-Clara não corra !-grito descendo as escadas
-Sim, mãe.-fala andando bem devagar, me fazendo rir, caminhamos até à cozinha
-Bom dia, tia !-Clara fala se sentando
-Bom dia, meu amor !
Bom dia, senhora !-Joana, a secretária daqui de casa fala
-Bom dia, Joana !-digo me sentando, tomamos o nosso café, depois ajudo a Clara a escovar os dentes, pego sua mochila, saímos de casa, abro o carro. Clara adentra o mesmo, coloco o cinto de segurança nela, fecho a porta, entro no carro dando partida. Coloco umas músicas infantis que ela gosta e a mesma vai cantarolando o trajeto todo, minha filha é um amor. Muito linda, ela se parece mais com o Robson, mas os olhinhos verdes são meus.

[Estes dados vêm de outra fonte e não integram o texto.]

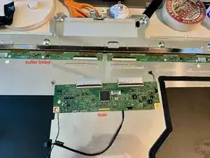 Отсоедините разъём гибкого кабеля платы Т-кон от буферной платы с стороны буферной платы. Аккуратно пошевелите платой Т-кон, чтобы освободить гибкий кабель из разъёма (при первом отсоединении может быть сложно).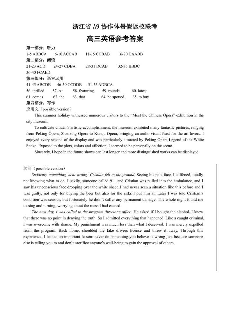 浙江省A9协作体2023-2024学年高三暑假返校联考 英语答案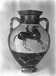 Decoration in panels. Horse and rider right on each side. Scanty incision for interior details; red for the horses' manes, and a line around the inner edge of the lip. Smooth polished finish on the panel, resembling a dilute glaze wash. The foot unglazed beneath, the pointed end of the body of the pot appearing within the base ring. The neck glazed for 0.05m. inside.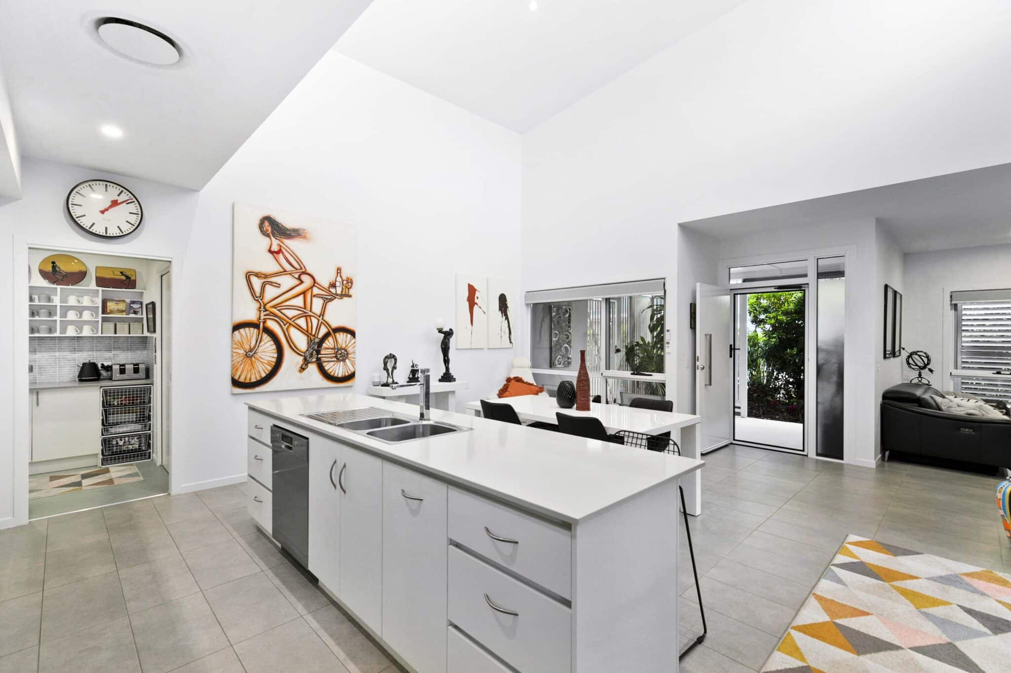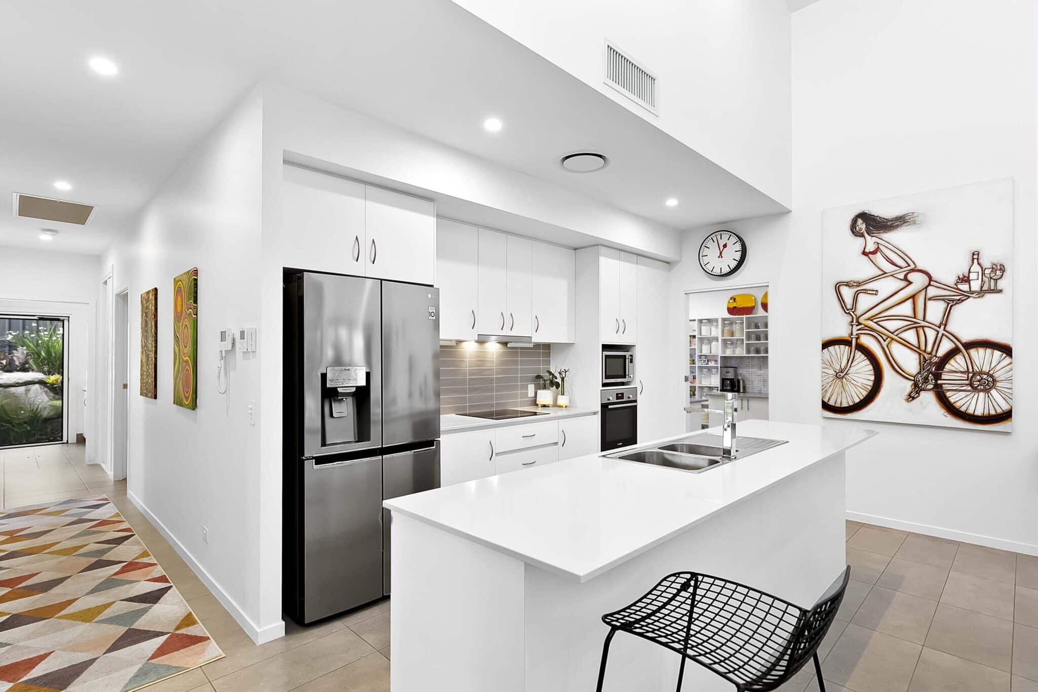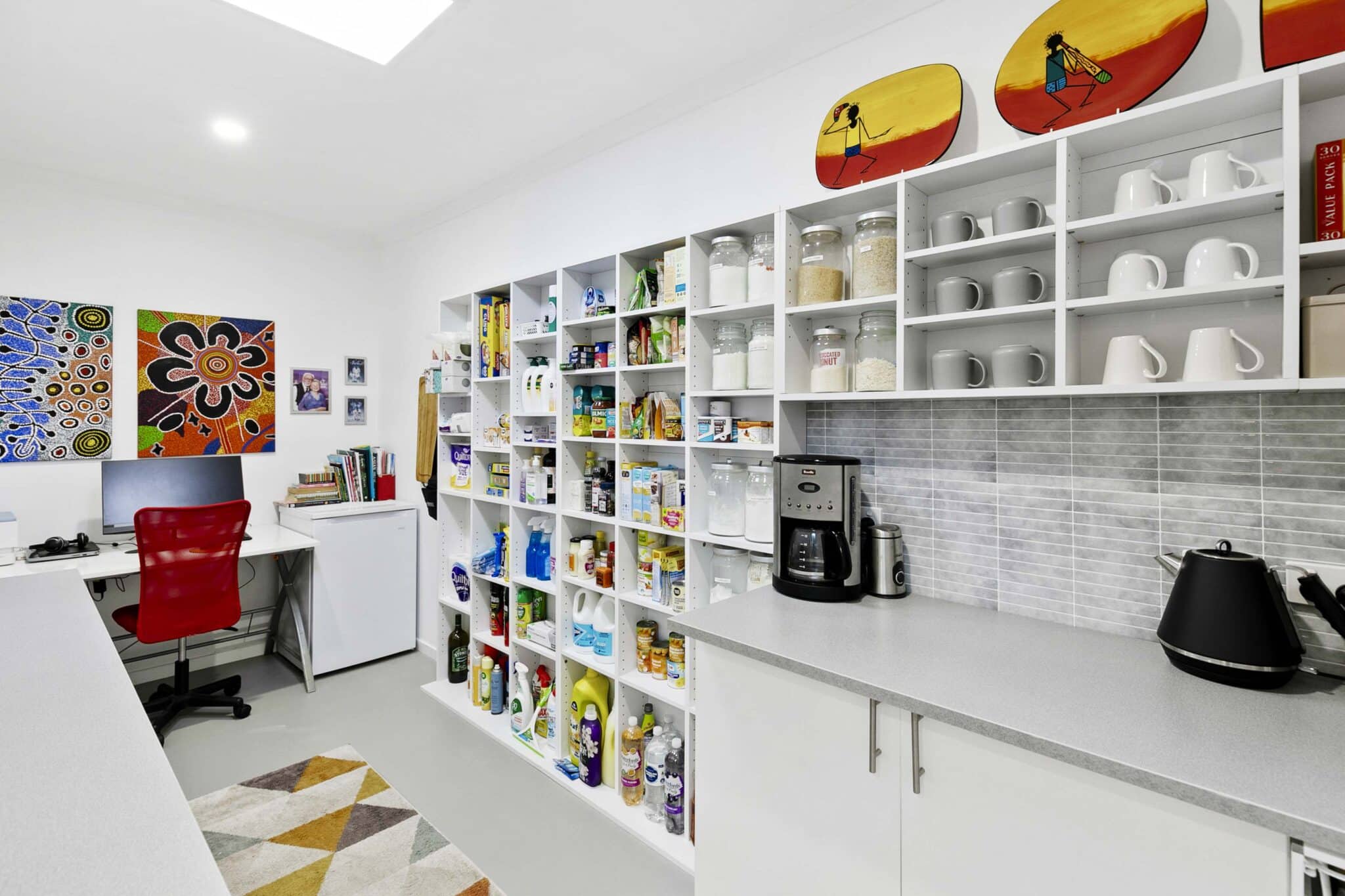 This home has a unique driveway that aligns with the street allowing you to reverse your RV, boat or cars with ease into the impressive 16m x 6m garage with 5.6m length in front of the custom walk-in pantry/study nook that also provides functional mezzanine storage. The insulated panel lift garage door allows 3.6m clearance height and features epoxy flooring and 15amp power.

Paro o carro em frente à escolinha dela, desço, abro a porta pra ela e a ajudo a descer, adentramos à escola de mãos dadas
-Bom dia, professora !-Clara fala com aquele jeitinho meigo de criança
-Bom dia, Clara ! Pode entrar.-a professora diz e a mesma acena pra mim e entra na sala
-Oi, professora ! Até mais.-digo
-Até mais !-responde simpática
Ando até meu carro, adentro e dou partida indo em direção à minha loja, da escolinha da Clara para a loja não é muito longe, levo uns 10 minutos para chegar à loja.
Estaciono o carro e adentro a loja, que já está aberta, é uma loja muito grande, e graças a Deus, muito conhecida
Cumprimento os funcionários e vou ao meu escritório, ver o que está faltando na loja, falar com os fornecedores, assinar contratos de vendas, resolver questões de publicidade etc..Esse tem sido meu trabalho, não preciso de estar todos os dias na loja.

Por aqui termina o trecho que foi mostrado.